Second mortgages may haunt borrowers in foreclosure

second mortgages the next big problem for homeownersJust when owners think their mortgage nightmare has ended with the loss of their home through foreclosure, the next round of bad news knocks at the door: the bank holding their second trust deed demands repayment of the loan.

Despite heavy political pressure to write off so-called "junior"- or second-lien, mortgages to help struggling owners keep their homes, banks aren't always willing to follow that script. Why? Because those loans amounted to $1 trillion in the U.S. at the end of last year, according to the Federal Reserve, and many banks hold a lot of that paper. A second trust deed is a loan in a subordinate position to a first trust deed loan secured by the same collateral.

Although owners and many banks are trying to strike deals to reduce the payments on homeowners' first mortgages, the main sticking point to consummating those transactions is that lenders holding the first liens often will not accept a deal unless the banks holding the second mortgages take a hit too.

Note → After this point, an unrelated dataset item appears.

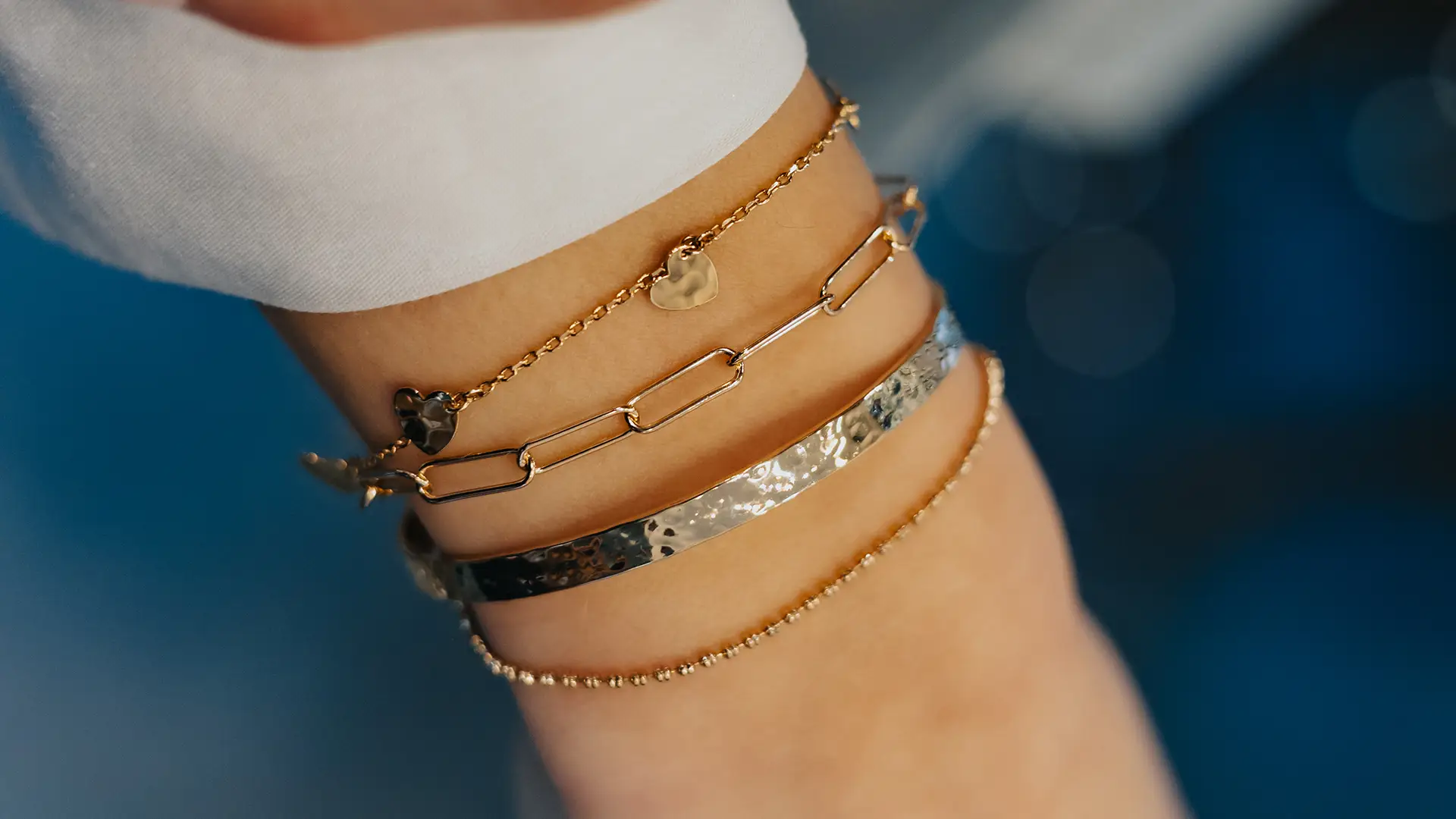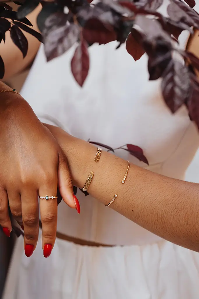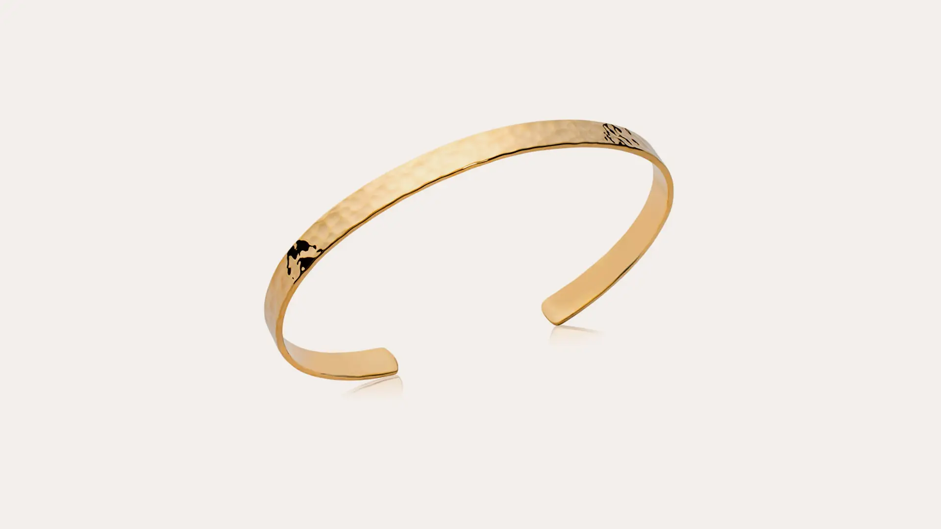 Bracciale rigido (Jonc) fatto a fascia alta 4 mm, superficie martellata e lucida,spessore di 1mm gli conferisce robustezza lasciando pero’ l’elasticità per poterlo adattare al proprio polso.

But those banks, which are trying to get their assets back in the positive column, don't always want to write off the junior liens.

It's not unusual for second liens -- typically loans taken out after the house was purchased -- to lack collateral backing today because of the steep drop in home values; sometimes a second mortgage is below the amount owed on the first mortgage alone. That's why some politicians are urging banks to write off those "worthless" second liens. Many homeowners who are in default on their first mortgages, however, still are making monthly payments on the second liens, so banks don't want to kiss those loans off. The ability for banks to collect on second liens varies by state.

How pervasive is the problem?

"I see it all the time," says accountant Earl Salter, an enrolled agent with Norwalk Business Service in Norwalk, Calif. Financially shaky owners who have lost their homes to foreclosure and face second-lien lenders demanding repayment "have two choices: file bankruptcy or try to strike a deal with the holder of the second to accept 10 or 15 cents on the dollar" owed, he said.

If lenders and borrowers don't strike a deal, lenders may garnish the borrowers' wages and other assets, if the owners have some income or the potential for income. In some cases, banks sell the junior-lien loans to collection agencies, which take over recovery of the debt.

While many banks are making decisions about repayment of second-lien loans on a case-by-case basis, lawmakers are seeking solutions for borrowers unable to repay junior-lien debts. One U.S. Treasury program requires the reduction of payments on junior-lien mortgages by participating lenders if they're allowing reductions on first mortgages.

Of one thing you can be sure: we haven't heard the last of this issue yet. Other programs already are on the table.